Ancient agriculture leaves behind a hidden record in the form of microscopic silica “skeletons” called phytoliths. These tiny fragments are key to understanding how early civilisations grew food, but identifying them under a microscope is an incredibly slow task, requiring years of specialised training.
While modern Artificial Intelligence (AI) can now automate this process in seconds, a major scientific hurdle remained: these systems often act as a “black box” (see image 1). Without knowing how the computer reaches its conclusions, scientists cannot fully trust if the results are based on real botanical evidence. To understand why this transparency is vital, consider the “cat vs. dog” problem (see image 2): a poorly trained AI might correctly identify pets only because it recognizes the grass in the background of dog photos rather than the animals themselves.

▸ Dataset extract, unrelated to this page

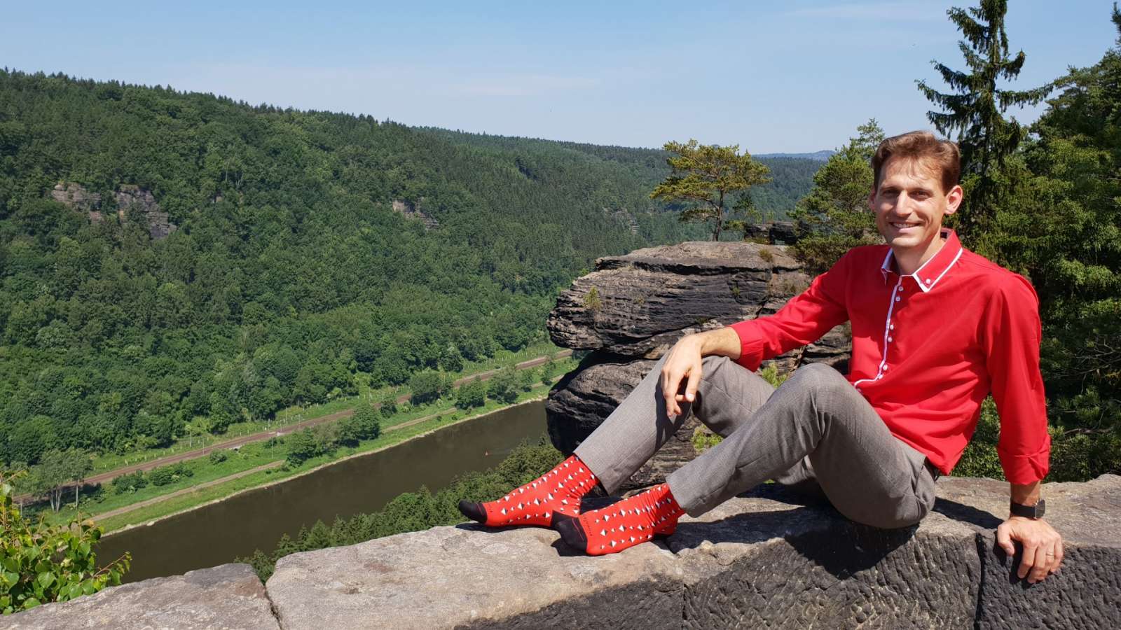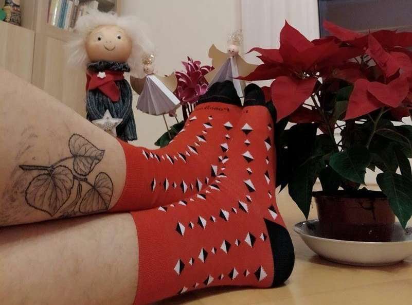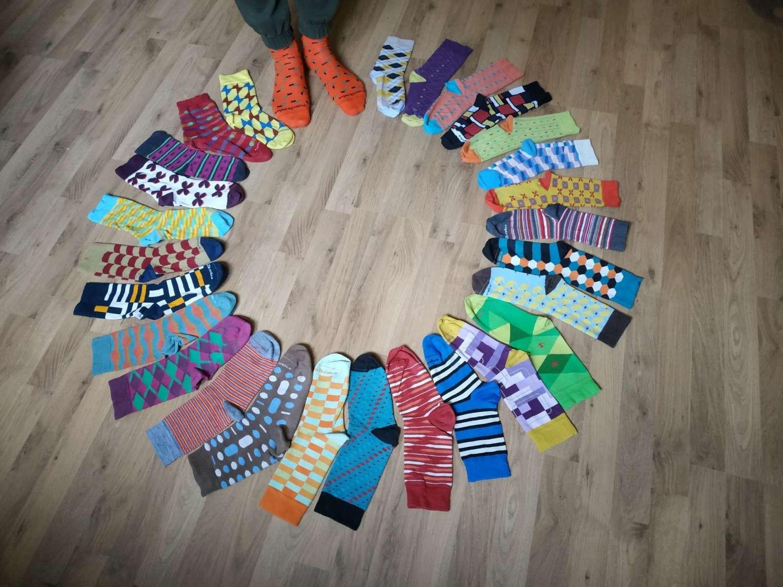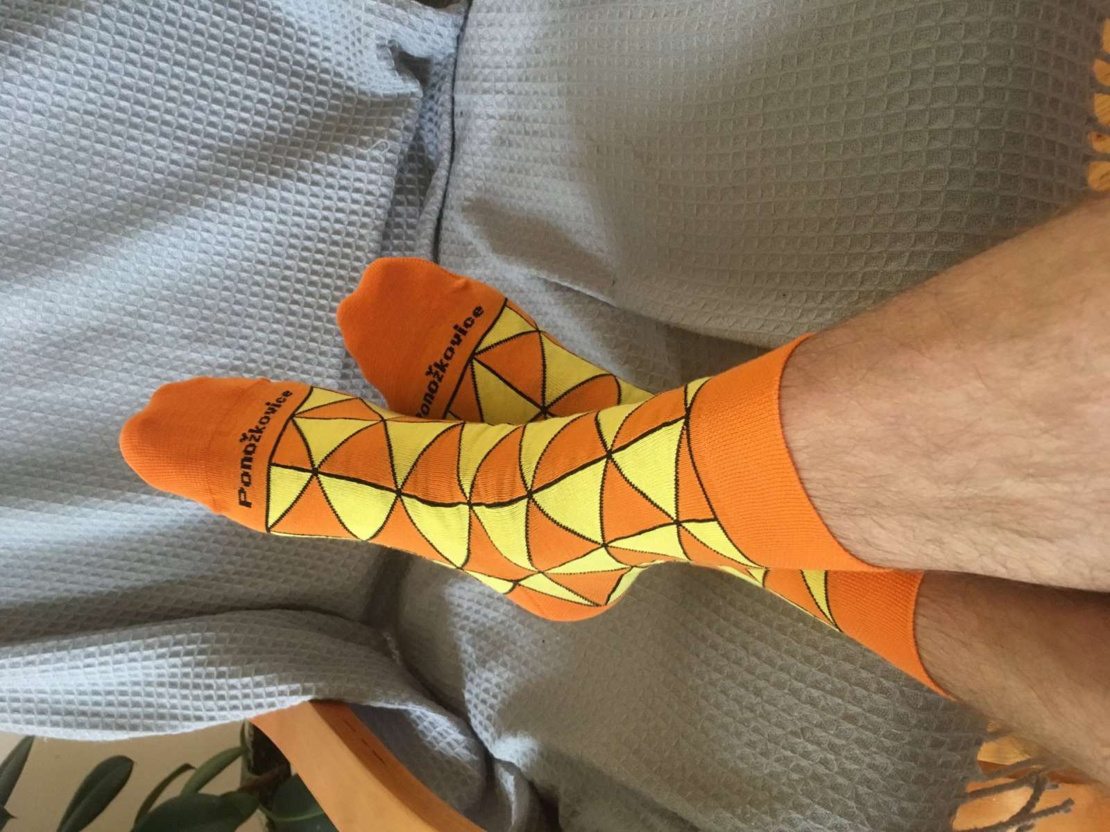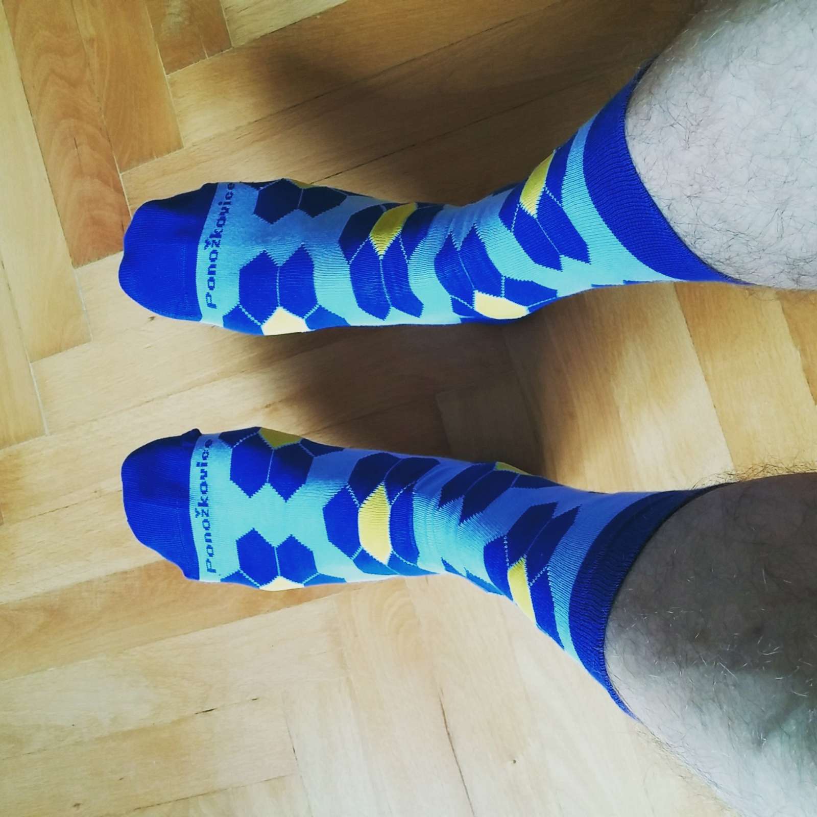 Můj příběh začal o Vánocích 2016, kdy na Ponožkovice narazila moje přítelkyně. Se strachem mi pod stromeček objednala předplatné jen na 3 měsíce, kdyby se mi pestrobarevnost nelíbila. Byl jsem zvyklý na jednobarevné ponožky. Tak moc jsem si ponožky z Ponožkovic zamiloval, že si předplatné prodlužuji, jak to jen jde. Měl jsem zhruba půlroční pauzu v r. 2018, kdy na ponožky nebyly finance. Teď ale pokračuji dál. Každý měsíc se moc těšíme na nové a na příběh, který se k nim váže. Zamiloval jsem si je a žádné jiné ponožky v šatníku už nemám. Jsou natolik kvalitní, že jsem ještě ani jedny nemusel zlikvidovat. Také se mnou hodně procestovaly. Podívaly se se mnou např. na Mallorcu, na Island, do Turecka, do Egypta a na spoustu míst v České republice. Zkrátka na ně nedám dopustit. Na fotce jsme si dali práci a seřadili jsme je tak jak mi přišly. Od nejstarších inspirované vzorem "argyle", nebo méně používaným golfovým vzorem, až po nejnovější, oranžové, inspirované největším budovatelem v historii a to cihlou :-)

Our research successfully “opened the box” using a visual tool, called Guided Grad-CAM, to map exactly which features the AI focuses on when classifying ancient crops. We discovered that the algorithm independently learned to recognise the same complex wave patterns and surface bumps (papillae) (see Image 3) that human experts use to distinguish between ancient wheat, barley, and oat. In 91% of cases, the AI’s primary decision-maker was the genuine biological wave pattern of the plant.
By making AI “explainable”, we are setting a new gold standard for computational archaeology. This ensures that the digital tools used to reconstruct human history are as reliable.